That earned him a chuckle from Bull, who was acting as a shield between Blackwall and Eleadora and what felt like half of Orlais. “Careful. You really wanna add ‘fight through Templars’ to your morning routine?”

“Nonsense, I haven’t the time. That’s what I have you for,” said Dorian, grateful for the distraction from the bone-crushing exhaustion that made his vision swim at the edges.

“Oh thanks.”

“I’ll cast a barrier, I’m not completely heartless.” Dorian’s chest tightened at the small gasp that accompanied Bull’s snort and the way his face twitched in pain. Their eyes met, and Dorian knew that Bull knew that he had noticed the slip. “Bull--”

“Here!” said Bull, breezing past Dorian’s concern and practically knocking the door to the healer off its hinges.

Dorian leaned against the doorframe, taking weight off his injured leg and watching as a group of healers swarmed Blackwall and removed Eleadora from his arms.

“What happened?”  
“Was there magic involved?”  
“Poison?”

Their questions swirled around Dorian, who struggled to distinguish the individual inquiries from the loud chatter outside.

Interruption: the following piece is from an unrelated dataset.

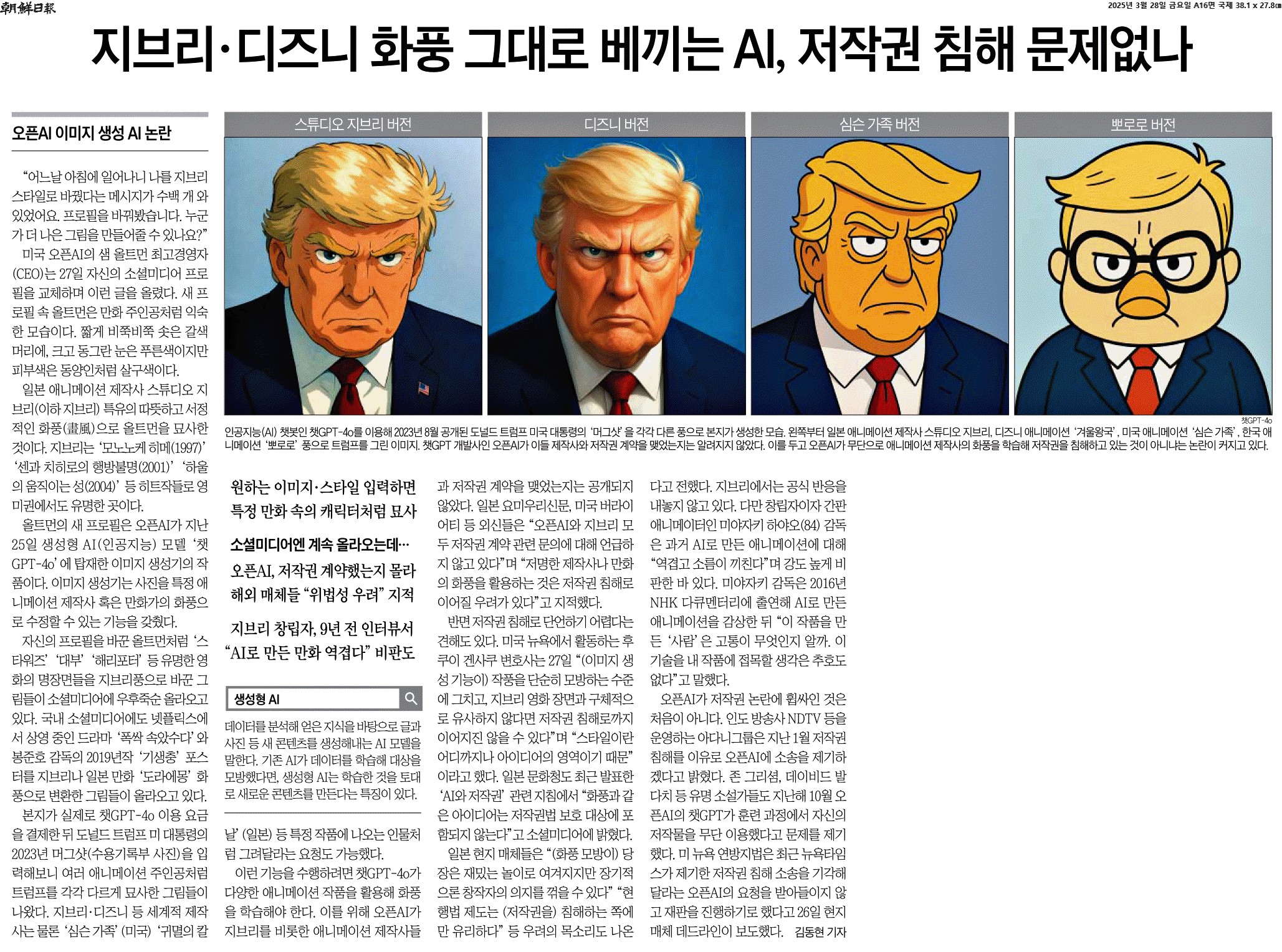 ③ 이런 기능을 수행하려면 챗GPT-4o가 다양한 애니메이션 작품을 활용해 화풍을 학습해야 한다. 이를 위해 오픈AI가 지브리를 비롯한 애니메이션 제작사들과 저작권 계약을 맺었는지는 공개되지 않았다. 일본 요미우리신문, 미국 버라이어티 등 외신들은 “오픈AI와 지브리 모두 저작권 계약 관련 문의에 대해 언급하지 않고 있다”며 “저명한 제작사나 만화의 화풍을 활용하는 것은 저작권 침해로 이어질 우려가 있다”고 지적했다.

“How long has she been like this?” one of them demanded, looking directly at him.

“I don’t…” Dorian closed his eyes for a moment before clearing his throat. “A few hours, perhaps? It’s been quite the day, you see.”

“Three hours,” recited Bull in the collected voice of one used to detail work. “There was irreparable magical damage done to her forearm, it had to be removed then cauterized. Dorian has her under a sleeping spell.”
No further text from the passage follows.